**SOURCE DATA:**
------------------------------------

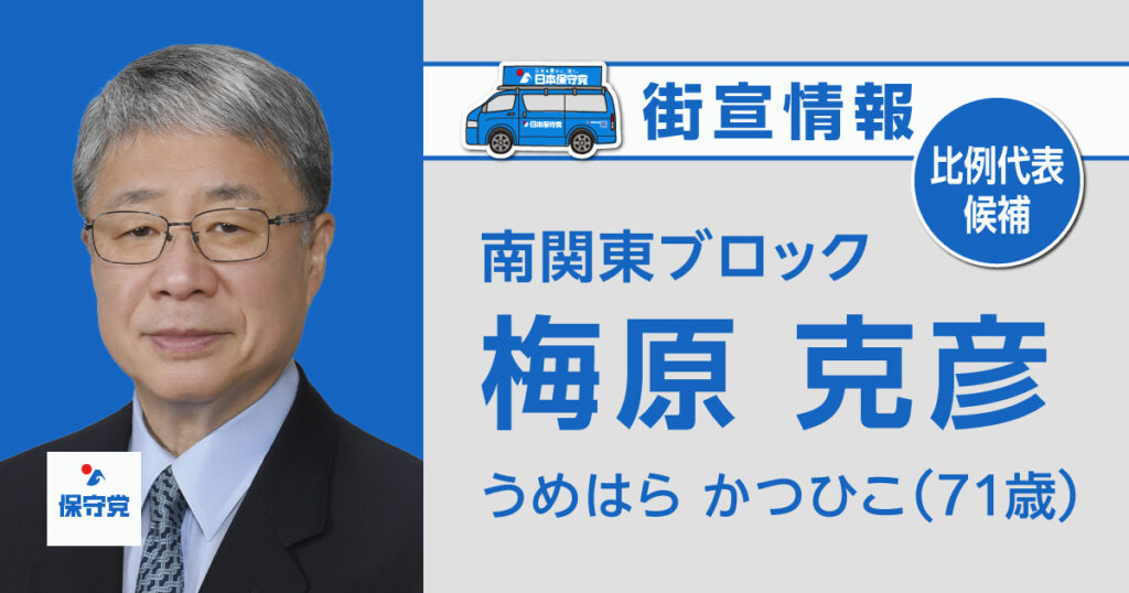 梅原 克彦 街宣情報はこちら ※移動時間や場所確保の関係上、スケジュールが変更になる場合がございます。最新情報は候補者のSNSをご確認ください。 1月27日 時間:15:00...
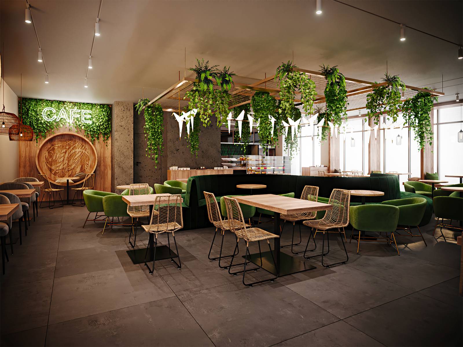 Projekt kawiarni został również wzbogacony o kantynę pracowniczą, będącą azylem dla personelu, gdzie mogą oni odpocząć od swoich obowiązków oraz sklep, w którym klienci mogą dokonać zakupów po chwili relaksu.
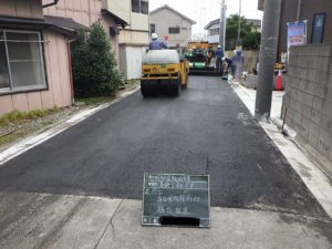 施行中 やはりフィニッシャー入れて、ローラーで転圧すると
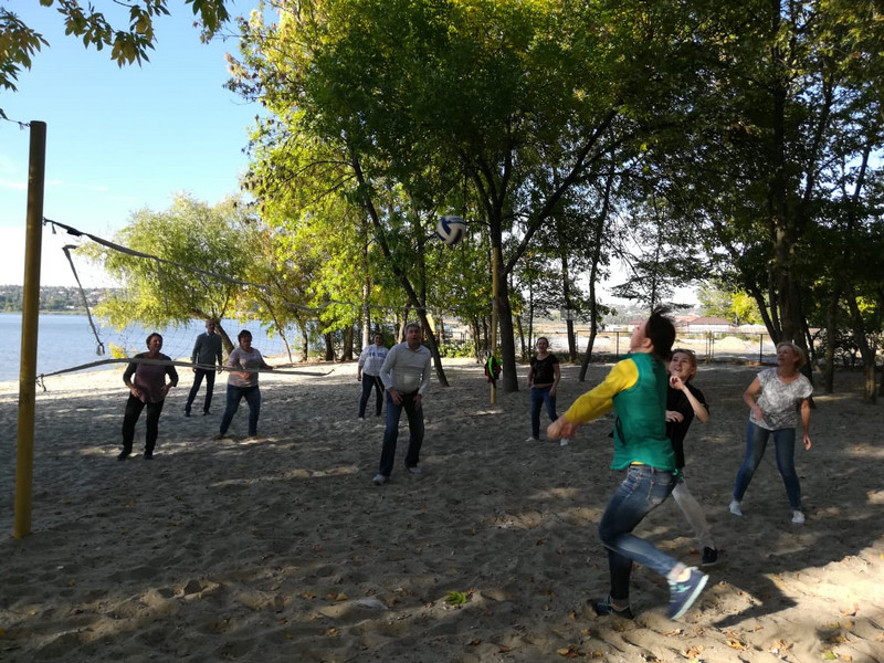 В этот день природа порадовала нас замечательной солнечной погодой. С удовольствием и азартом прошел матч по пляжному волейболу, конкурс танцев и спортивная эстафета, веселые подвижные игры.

------------------------------------

What is needed is a verbatim copy of the lines from the line with "施行中 やはりフィニッシャー入れて、ローラーで転圧すると" through the last line of the listing, pictures excluded.

**RESPONSE FOR THIS EXERCISE:**
 施行中 やはりフィニッシャー入れて、ローラーで転圧すると
 В этот день природа порадовала нас замечательной солнечной погодой. С удовольствием и азартом прошел матч по пляжному волейболу, конкурс танцев и спортивная эстафета, веселые подвижные игры.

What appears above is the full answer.